The Veils: “Through The Deep, Dark Wood”

It’s natural for any parent to impart their own music on their children, but for Finn Andrews, it was a little bit different. He’s the son of Barry Andrews, a founding member of British pop giants XTC, whose music filled the house when Finn was growing up. Yet he didn’t truly fall in love until he got his hands on a guitar. Finn’s mother taught him how to play Van Morrison’s “Gloria,” and from then on, he was hooked.

Andrews signed his first record deal straight out of high school and quickly formed the Veils, but everything seemed to be coming too soon and too fast. “I felt kind of strangled by it for a while,” he told NPR, “and I didn’t really know if I deserved where I was.” The group released their debut in 2004, and his situation still didn’t feel right. So Andrews wiped the slate clean. He disbanded the Veils and embarked on an international solo tour, and after returning home to his native New Zealand, he recruited his childhood friends to reform the band. The back-to-basics approach seemed to work–the new iteration found their sound, and Andrews soon made a name for himself outside his father’s musical shadow.

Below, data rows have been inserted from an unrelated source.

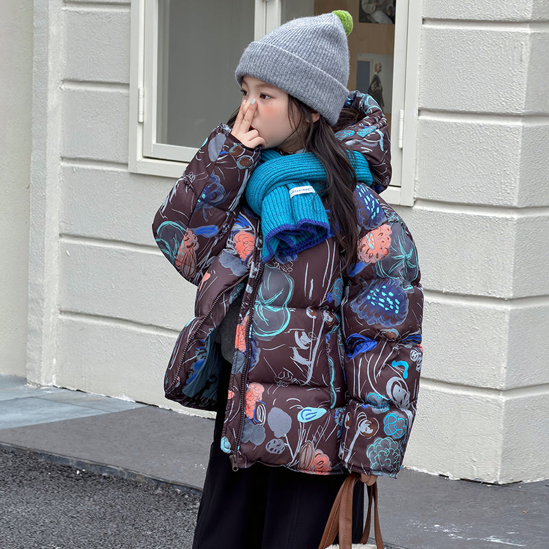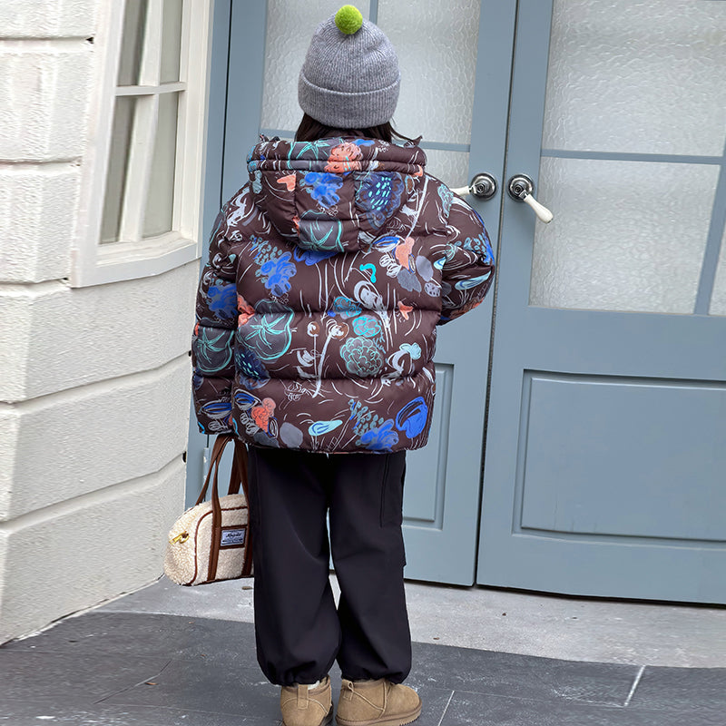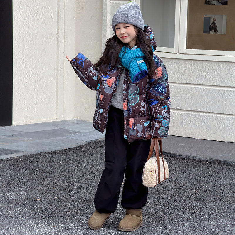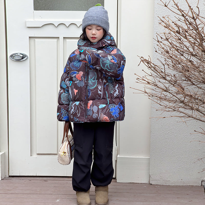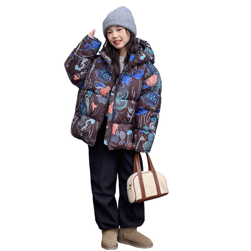 Пуховик для девочек в корейском стиле с капюшоном, выполненный из ткани с цветочным принтом. Модель свободного кроя обеспечивает тепло, комфорт и элегантный внешний вид для холодного зимнего сезона.
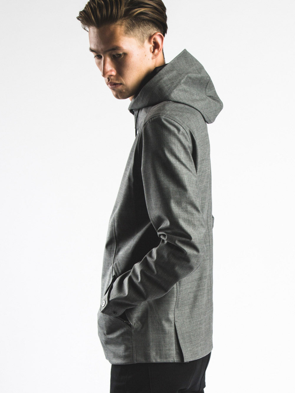 L'ajout de laine fine sur la face extérieure crée un aspect extérieur sur mesure, tandis que la construction imperméable et la capuche anti-tempête offrent un abri fiable lorsque le temps se gâte. Équipé de deux poches chauffe-mains à fermeture éclair YKK Aquaguard, de deux poches intérieures à fermeture éclair et d'une poche intérieure pour les billets.
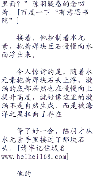 陈羽慢慢闭上眼,把自己的精神投入到了海面之下,静静的看着水元素凝聚出形体,双手抱住了漩涡下面的那块巨石。
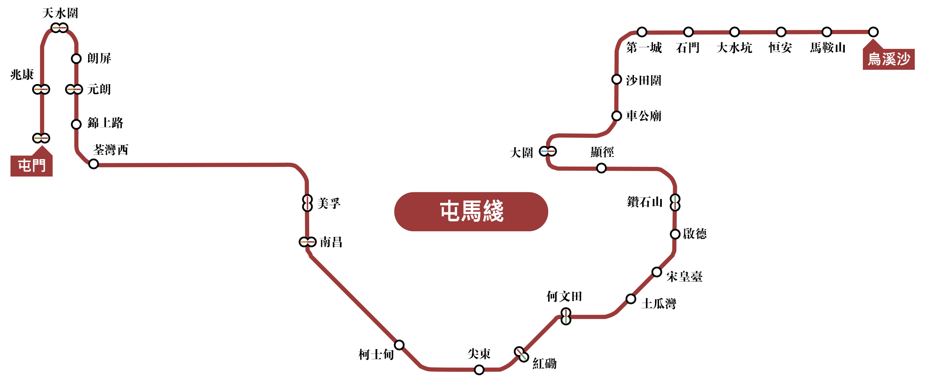 屯馬綫其實並非一條全新鐵路線,而是把經已通車多年的馬鞍山鐵路線、西鐵綫、由昔日曾稱沙中綫之一段串連而成。全條屯馬綫長56.4公里,包含27個車站連接屯門區之屯門站和馬鞍山的烏溪沙站,而新落成串連之車站(即舊稱沙中綫)為顯徑站、鑽石山站、啟德站、宋皇臺站、土瓜灣站、何文田站和紅磡站。
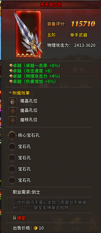 通过上图我们可以看到,最为终极武器的大天使之剑本身就拥有远超同阶装备的属性,在通过消耗大天使之心觉醒后会获得大量生命、攻击力、防御力的加成。
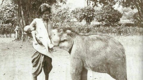 ลูกช้างกำพร้ากำลังดูดนมผู้หญิงแม่ลูกอ่อน พ.ศ. 2446 สมัยรัชกาลที่5
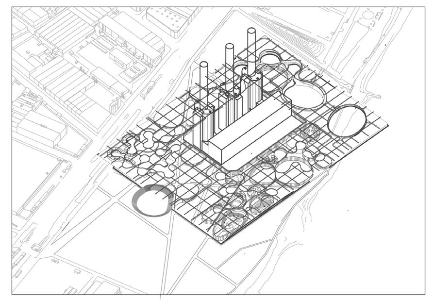 The magnificent presence of the 3 chimneys in the Barcelona skyline makes this spot a crucial piece for the Barcelona shoreline future. The scale of this brutalist concrete building, placed in a strategic place, could become the perfect catalyst to help connect the two sides of the Besos river beds.
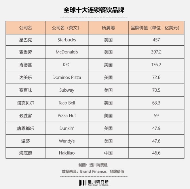 全球十大連鎖餐飲品牌里,美國拿走九席,剩下一個海底撈從人口數(shù)量占優(yōu)的中國走出,但“全球連鎖”這個稱呼略微站不住腳,畢竟超過90%的門店都來自本土。
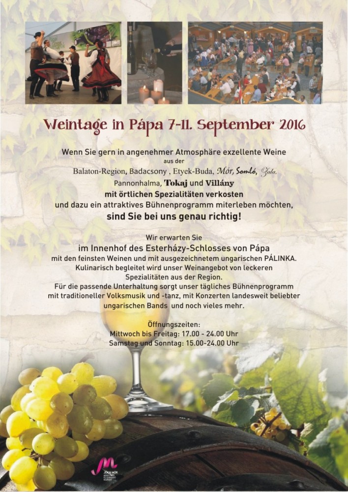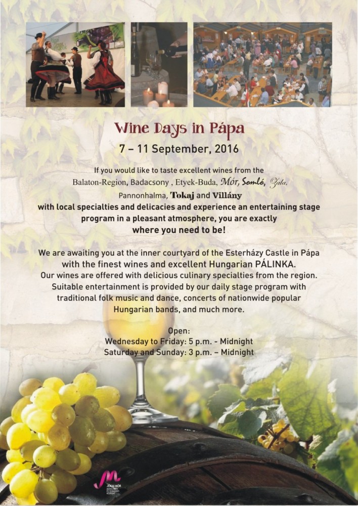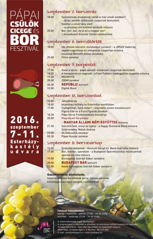 Az idei pápai borfesztiválon fellép a Republic Együttes, a Magyar Állami Népi Együttes, a Budapest Bár és még sokan mások.
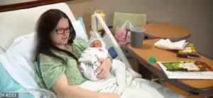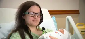 Blumberg, now a mother of two, described the surreal moment as both terrifying and miraculous. ‘After that, I couldn’t even get off the toilet,’ she told KCCI, recalling the sudden urgency that led her to call for help. ‘I get up, and I feel his head.’

Fast-forward a half-decade: all eyes are trained on the Veils as they release their fourth album. Times Stays, We Go has already shot to the top of the charts in New Zealand and it’s making a push in the UK as well. The band coaxed producer Bill Price–whose credits include the Clash and the Jesus & Mary Chain–out of retirement to helm the record, and the pairing couldn’t have gone any better. The Veils have a knack for propulsive, dynamic rock-and-roll, and this time around they even incorporate some desert-tinged country into the record. “Through The Deep, Dark Wood” seems to borrow something from every facet of Andrews’ shifting life: the soulfulness of mom, the pop sense of dad, and the youthful fervor of a band ready for the spotlight.